**Work item**: Begin at the line below that has "Dengan menjadikan pesawat". Stop after the line that has "Kegiatan hari itu", repeating each line exactly and leaving out the pictures.

**Data for review**:
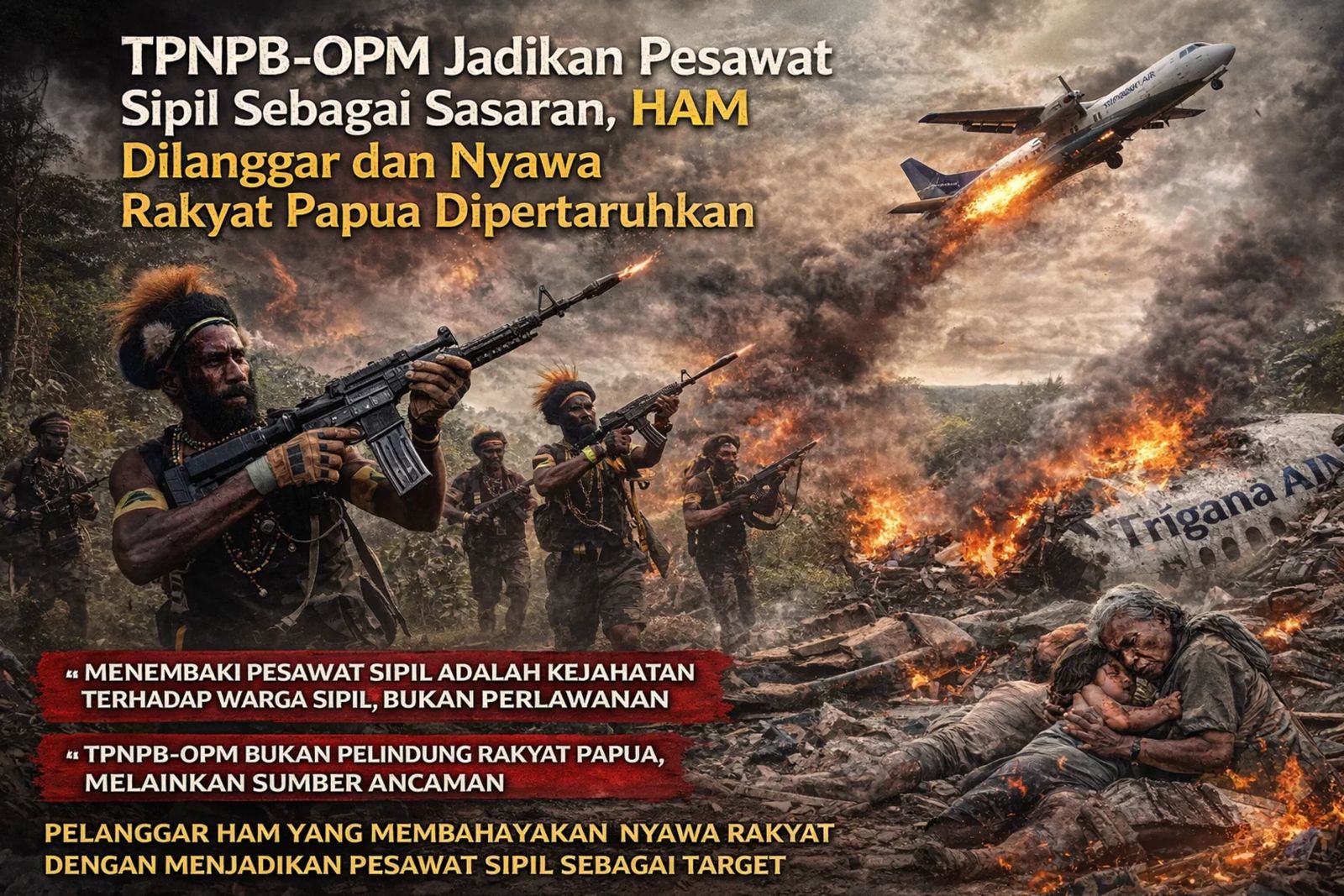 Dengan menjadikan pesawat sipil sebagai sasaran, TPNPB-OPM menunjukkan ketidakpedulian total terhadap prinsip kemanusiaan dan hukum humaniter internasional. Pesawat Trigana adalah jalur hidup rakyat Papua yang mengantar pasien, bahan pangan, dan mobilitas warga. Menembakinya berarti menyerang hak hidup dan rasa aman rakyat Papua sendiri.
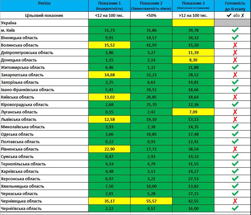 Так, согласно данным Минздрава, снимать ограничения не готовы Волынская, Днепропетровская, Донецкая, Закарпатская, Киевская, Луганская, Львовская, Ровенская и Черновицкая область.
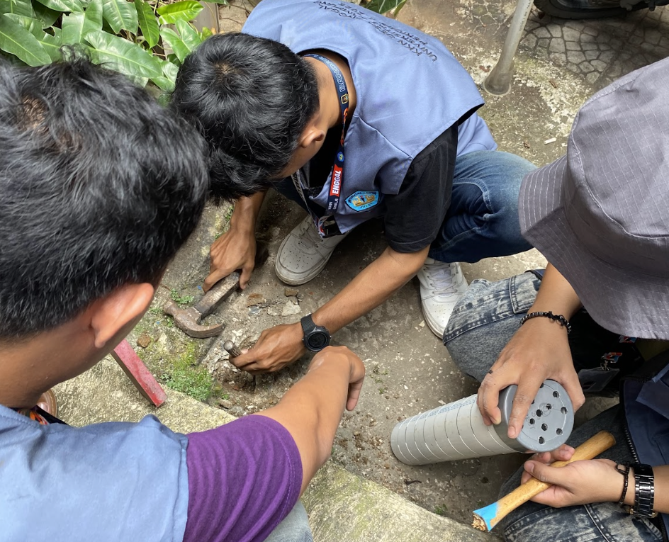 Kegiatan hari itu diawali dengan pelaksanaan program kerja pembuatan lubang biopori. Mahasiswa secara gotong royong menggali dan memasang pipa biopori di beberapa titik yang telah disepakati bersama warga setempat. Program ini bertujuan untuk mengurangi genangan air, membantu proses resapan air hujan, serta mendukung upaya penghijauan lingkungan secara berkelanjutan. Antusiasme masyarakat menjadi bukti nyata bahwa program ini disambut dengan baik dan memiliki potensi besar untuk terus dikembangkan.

...

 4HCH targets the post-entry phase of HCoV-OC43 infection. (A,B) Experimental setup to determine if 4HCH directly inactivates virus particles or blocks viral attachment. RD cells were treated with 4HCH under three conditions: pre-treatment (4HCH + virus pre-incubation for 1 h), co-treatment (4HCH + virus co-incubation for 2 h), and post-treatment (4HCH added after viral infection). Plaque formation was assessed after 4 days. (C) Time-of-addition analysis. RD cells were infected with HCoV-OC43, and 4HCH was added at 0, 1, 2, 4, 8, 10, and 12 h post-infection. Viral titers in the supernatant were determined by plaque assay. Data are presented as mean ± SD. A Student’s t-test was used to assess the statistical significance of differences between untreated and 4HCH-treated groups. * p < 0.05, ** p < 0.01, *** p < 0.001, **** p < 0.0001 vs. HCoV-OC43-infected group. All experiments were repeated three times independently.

---

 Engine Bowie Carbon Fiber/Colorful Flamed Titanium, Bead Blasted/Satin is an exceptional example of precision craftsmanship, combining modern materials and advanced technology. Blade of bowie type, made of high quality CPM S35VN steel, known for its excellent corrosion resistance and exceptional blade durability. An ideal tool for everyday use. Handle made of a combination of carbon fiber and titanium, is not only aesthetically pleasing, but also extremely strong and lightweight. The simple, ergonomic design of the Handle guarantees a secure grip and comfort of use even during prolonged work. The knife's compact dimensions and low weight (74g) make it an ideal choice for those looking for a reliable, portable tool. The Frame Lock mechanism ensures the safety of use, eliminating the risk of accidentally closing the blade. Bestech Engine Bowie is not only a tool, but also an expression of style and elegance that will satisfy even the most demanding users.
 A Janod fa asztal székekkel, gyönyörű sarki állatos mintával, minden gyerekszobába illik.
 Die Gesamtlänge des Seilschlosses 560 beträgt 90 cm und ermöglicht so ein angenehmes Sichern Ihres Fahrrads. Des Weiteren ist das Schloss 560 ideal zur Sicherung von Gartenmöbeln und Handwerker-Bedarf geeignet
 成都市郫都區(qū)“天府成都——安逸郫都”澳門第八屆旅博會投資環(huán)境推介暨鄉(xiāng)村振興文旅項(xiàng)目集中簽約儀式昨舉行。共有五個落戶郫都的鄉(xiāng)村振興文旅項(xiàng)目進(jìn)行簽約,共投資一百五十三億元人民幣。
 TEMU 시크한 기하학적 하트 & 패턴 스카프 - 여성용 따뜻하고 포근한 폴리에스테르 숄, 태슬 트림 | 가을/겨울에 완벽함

**Final answer**:
 Dengan menjadikan pesawat sipil sebagai sasaran, TPNPB-OPM menunjukkan ketidakpedulian total terhadap prinsip kemanusiaan dan hukum humaniter internasional. Pesawat Trigana adalah jalur hidup rakyat Papua yang mengantar pasien, bahan pangan, dan mobilitas warga. Menembakinya berarti menyerang hak hidup dan rasa aman rakyat Papua sendiri.
 Так, согласно данным Минздрава, снимать ограничения не готовы Волынская, Днепропетровская, Донецкая, Закарпатская, Киевская, Луганская, Львовская, Ровенская и Черновицкая область.
 Kegiatan hari itu diawali dengan pelaksanaan program kerja pembuatan lubang biopori. Mahasiswa secara gotong royong menggali dan memasang pipa biopori di beberapa titik yang telah disepakati bersama warga setempat. Program ini bertujuan untuk mengurangi genangan air, membantu proses resapan air hujan, serta mendukung upaya penghijauan lingkungan secara berkelanjutan. Antusiasme masyarakat menjadi bukti nyata bahwa program ini disambut dengan baik dan memiliki potensi besar untuk terus dikembangkan.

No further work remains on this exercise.